# MIT Lithium-Air Battery Achieves New Record Efficiency



## EVDL Archive (Jul 26, 2007)

Gold and platinum nanoparticle catalyst returns 77 percent of energy used to charge the battery.

More...


----------



## Coley (Jul 26, 2007)

That is good news, IF they can get into production in less than 5 years.


----------



## Jason Lattimer (Dec 27, 2008)

They won't. I love all the carbon nanotube stuff their talking about, but it sounds a little too much like fuel cells.....always 10 years off.


----------



## david85 (Nov 12, 2007)

In theory Lithium-air fuel cells or batteries have energy density measured in the thousands of wh/kg instead of hundreds. If they ever come up with something that works it could actually surpass the energy density of fossil fuel (not even counting the 80% loss in most ICE powered vehicles).
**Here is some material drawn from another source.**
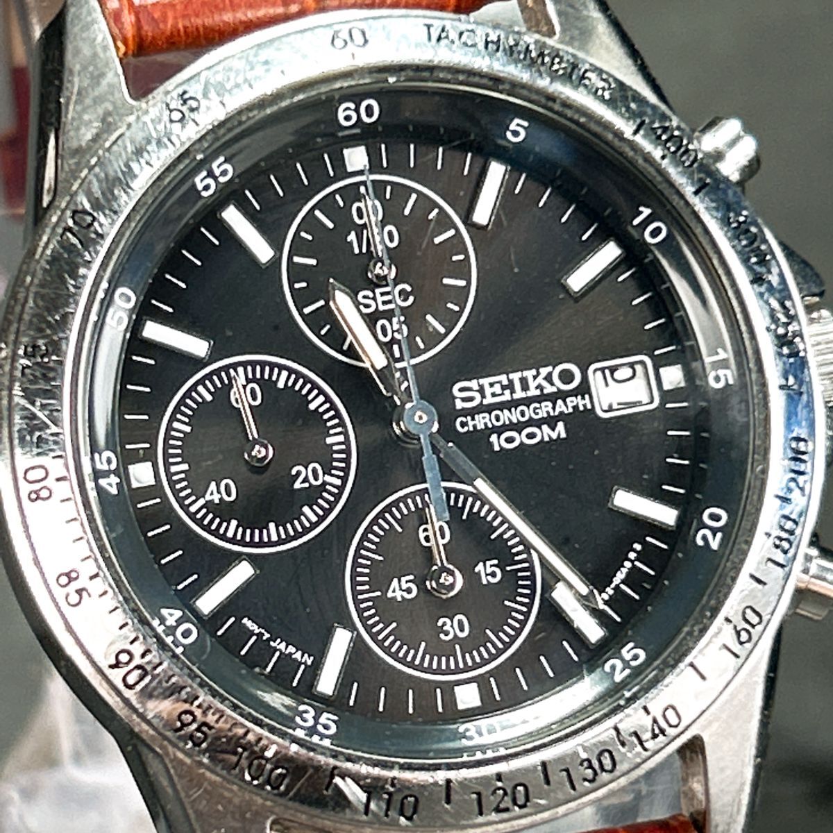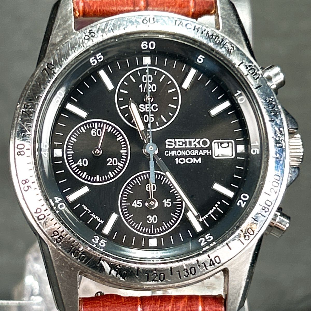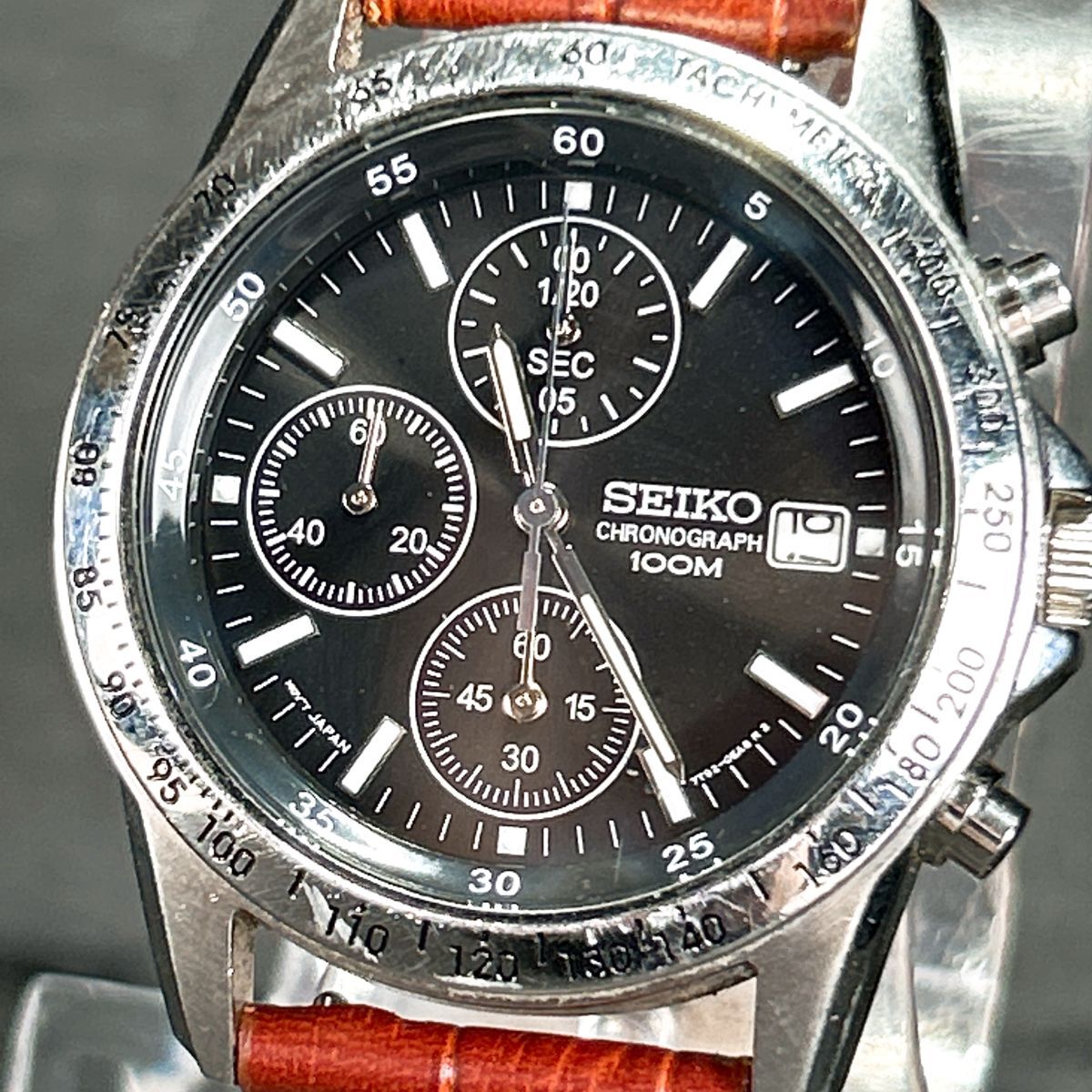 美品 SEIKO セイコー 腕時計 SBTQ041 クオーツ アナログ ラウンド ブラック シルバー クロノグラフ カレンダー 10気圧防水 新品電池交換済

To call it a game changer is an understatement.

But now for the reality check. Platinum and gold will never be used in anything mainstream, or affordable. So this might be real, but as long as they use expensive materials like this nothing will ever come from it other than a few expensive prototypes. Almost better off making a micro nuclear reactor in terms of cost.

You have to start somewhere and this is encouraging, but I'm not holding my breath either.


----------



## dimitri (May 16, 2008)

david85 said:


> Platinum and gold will never be used in anything mainstream, or affordable.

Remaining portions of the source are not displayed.